Records:
╭──
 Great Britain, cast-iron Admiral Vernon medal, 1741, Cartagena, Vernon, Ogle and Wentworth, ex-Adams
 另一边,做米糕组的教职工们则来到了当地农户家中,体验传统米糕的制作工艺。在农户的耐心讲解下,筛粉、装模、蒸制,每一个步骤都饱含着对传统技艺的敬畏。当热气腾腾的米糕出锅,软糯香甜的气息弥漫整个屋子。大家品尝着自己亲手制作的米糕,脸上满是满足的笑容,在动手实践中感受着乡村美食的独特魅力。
╰──
╭──
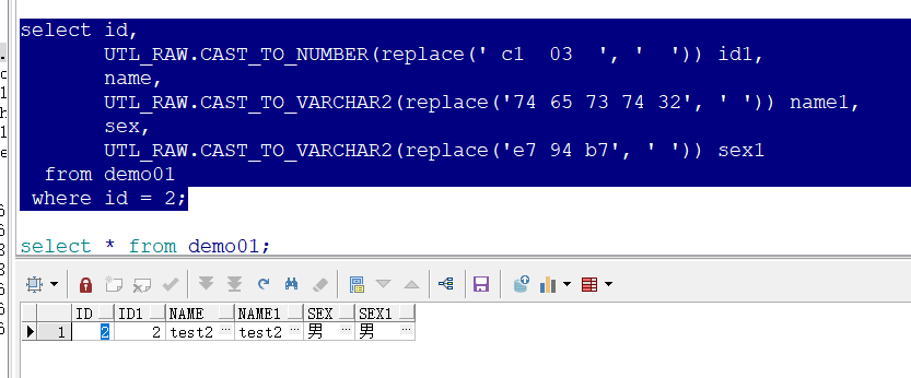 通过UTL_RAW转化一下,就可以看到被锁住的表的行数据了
╰──
╭──
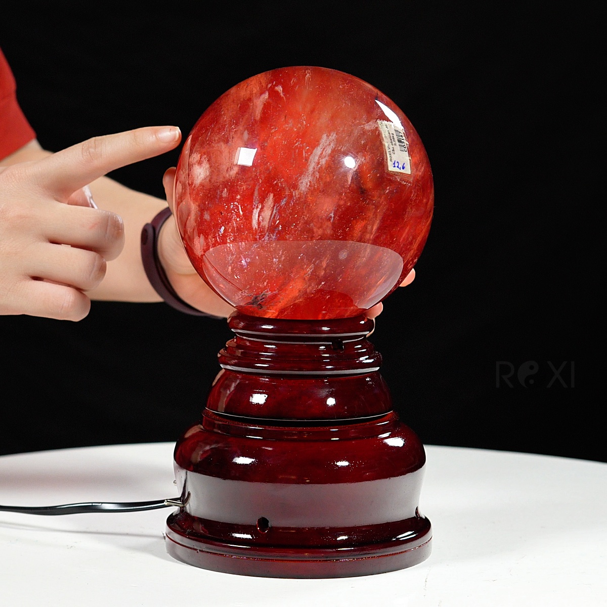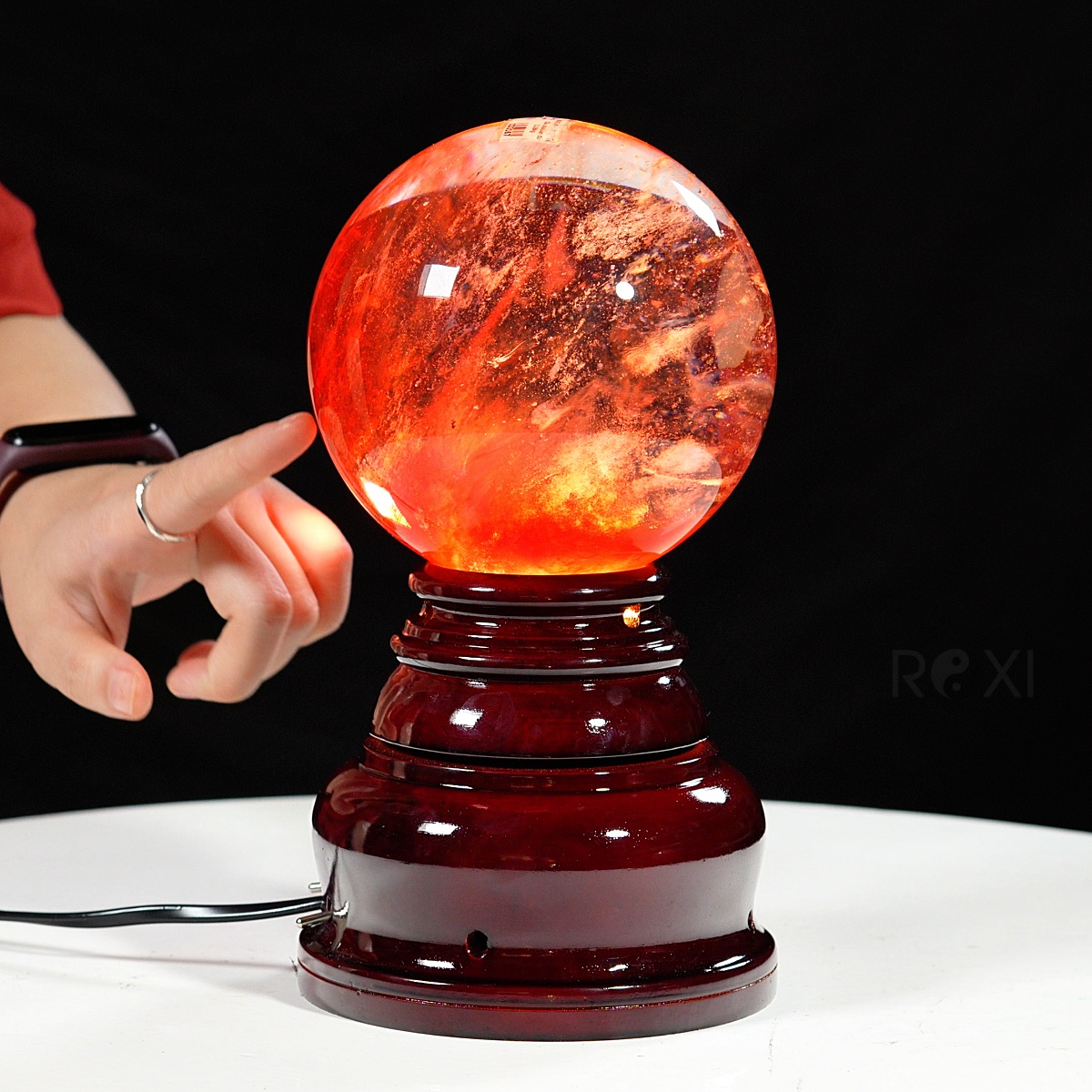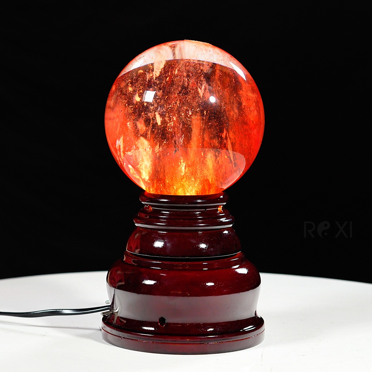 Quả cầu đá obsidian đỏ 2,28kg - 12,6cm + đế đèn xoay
╰──
Look above for the line holding "Great Britain, cast-iron". Print it and every line after it, exactly, through the line holding "另一边,做米糕组的教职工们则".

The answer:
 Great Britain, cast-iron Admiral Vernon medal, 1741, Cartagena, Vernon, Ogle and Wentworth, ex-Adams
 另一边,做米糕组的教职工们则来到了当地农户家中,体验传统米糕的制作工艺。在农户的耐心讲解下,筛粉、装模、蒸制,每一个步骤都饱含着对传统技艺的敬畏。当热气腾腾的米糕出锅,软糯香甜的气息弥漫整个屋子。大家品尝着自己亲手制作的米糕,脸上满是满足的笑容,在动手实践中感受着乡村美食的独特魅力。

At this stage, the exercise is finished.